Interestingly enough, the jitted version does run correctly:

@jax.jit
def f_jit(x):
    return jnp.where(jnp.abs(x) < 1., 1. / (x - 1.), 0.)
f(1.) # returns 0

It seems that the unjitted jnp.where evaluates both branches? Is this expected behaviour - if so should a warning be added to the docs?

Thanks for the question! Yes, it's expected behavior that jnp.where evaluates both branches. Actually the jitted function does too. The issue here is that without jax.jit the division is just Python builtin floating point division, not involving JAX at all, and so that's causing the error.
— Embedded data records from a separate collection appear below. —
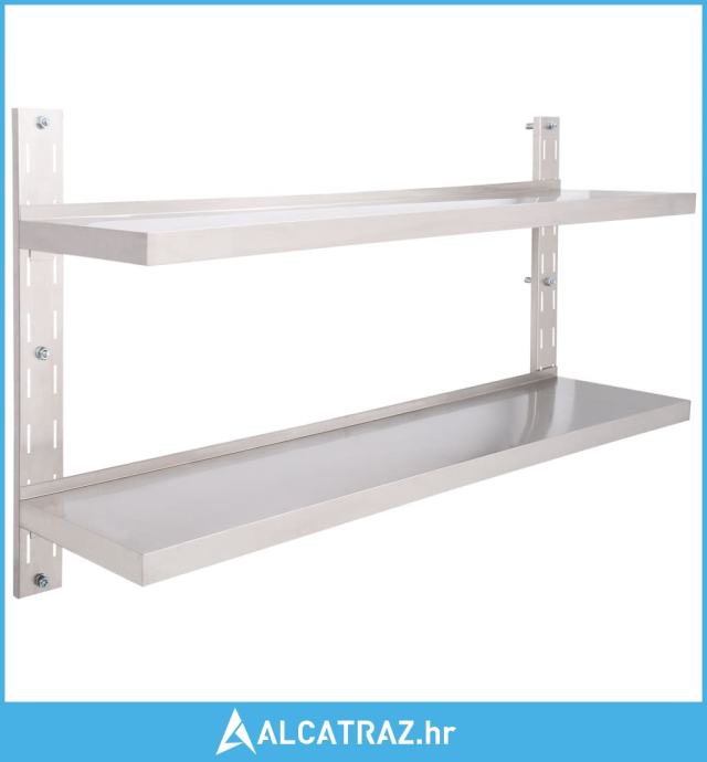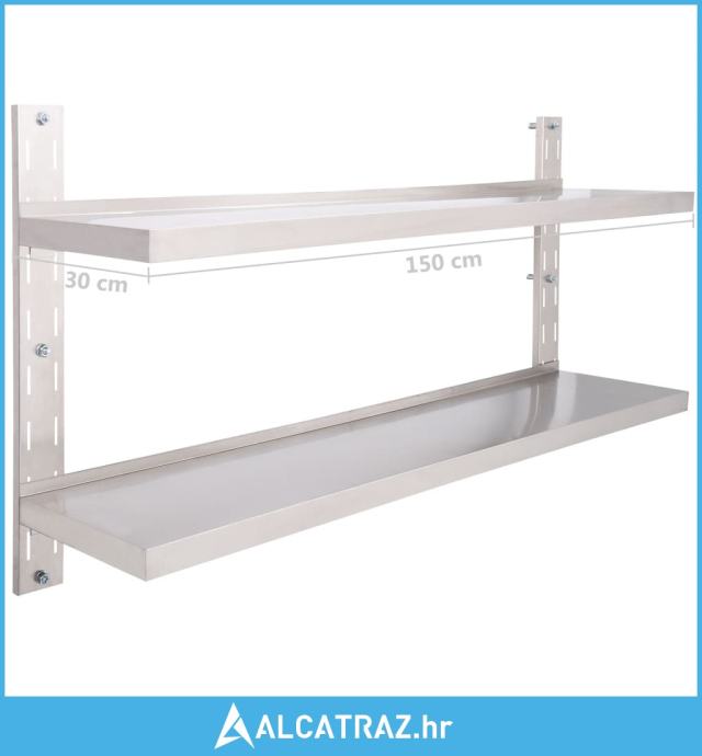Zidne police s 2 razine od nehrđajućeg čelika 150 x 30 cm - NOVO
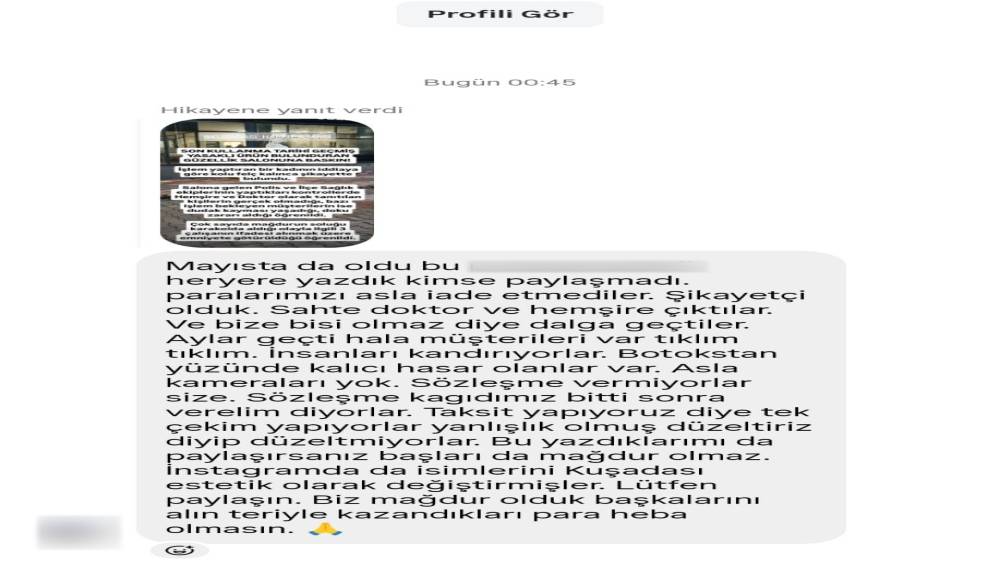 Serap Afanso yaptığı açıklamada; "Fiyatları cazip bulmam üzerine bu merkeze geldim. İşlem için Didim’den Kuşadası’na geldim. Ben ve diğer müşteriler beklerken merkeze bir grup denetleyici geldi. Ve bizlere de ’sağlığınızla oynuyorsunuz’ dediler. Burada bize doktor ve hemşire olarak tanıtılan kişilerin doktor ve hemşire olmadığını da öğrendik. Bu arada çalışan hiç kimse burada çalıştığını kabul etmedi. Sağlık görevlileri ve polislerin tutanaklarını tutmasının ardından şahıslar ifadeleri alınmak üzere polis merkezine götürüldü. Bizler de mağdurlar olarak ilgili merkez hakkında şikayetçi olacağız" diye konuştu.
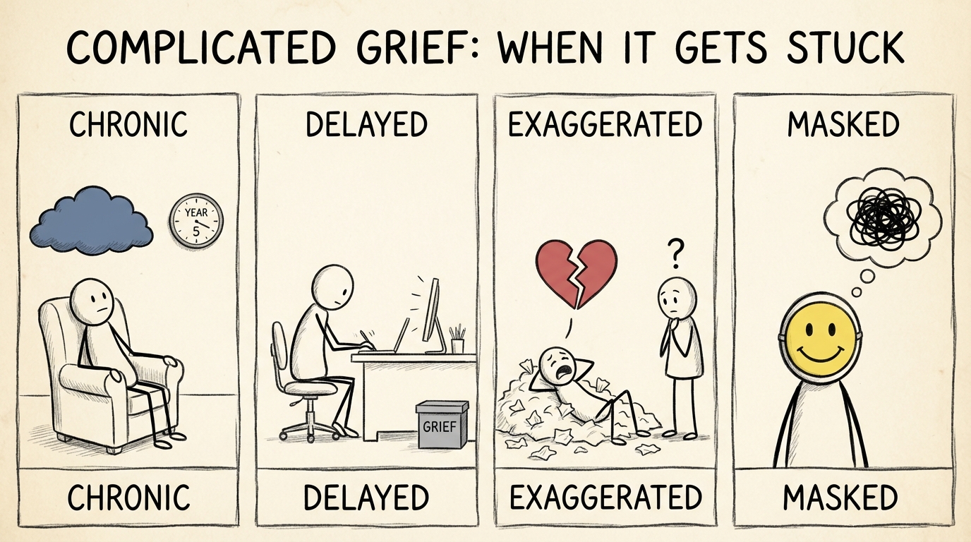 Most grief, as devastating as it is, gradually shifts. The acute pain softens -- not because you forget or stop caring, but because the psyche slowly integrates the loss into a new reality. Complicated grief is what happens when that process stalls. Also called prolonged grief disorder, it was formally recognized as a diagnosis in the DSM-5-TR and is characterized by intense, persistent longing, difficulty accepting the loss, emotional numbness, and a sense that life has lost its meaning -- lasting well beyond the expected adjustment period. Researcher M. Katherine Shear, who developed Complicated Grief Treatment, describes it as a derailment of the natural adaptation process. The grieving person becomes stuck in a loop: unable to move forward, unable to return to who they were before, and often unable to even articulate why they cannot seem to get better. Complicated grief is not a sign of weakness or excessive attachment. It often emerges when the loss was sudden, traumatic, or deeply tied to the person's identity. It can also be fueled by unresolved guilt, ambivalent relationships, or a lack of social support. The critical thing to understand is that being stuck is not a character flaw -- it is a signal that the grief needs a different kind of support. With the right help, including specialized therapeutic approaches, the adaptation process can restart and meaning can slowly re-enter a life that felt permanently hollowed out.

To involve JAX in the version without jit, try this:

import jax
import jax.numpy as jnp

def f(x):
    print(jnp.abs(x) < 1.)
    return jnp.where(jnp.abs(x) < 1., 1. / (x - 1.), 0.)
f(jnp.array(1.))  # notice `jnp.array(1.)` instead of `1.`

jax.numpy.where is just like numpy.where, and it's just an ordinary function in Python, where arguments are evaluated before function application.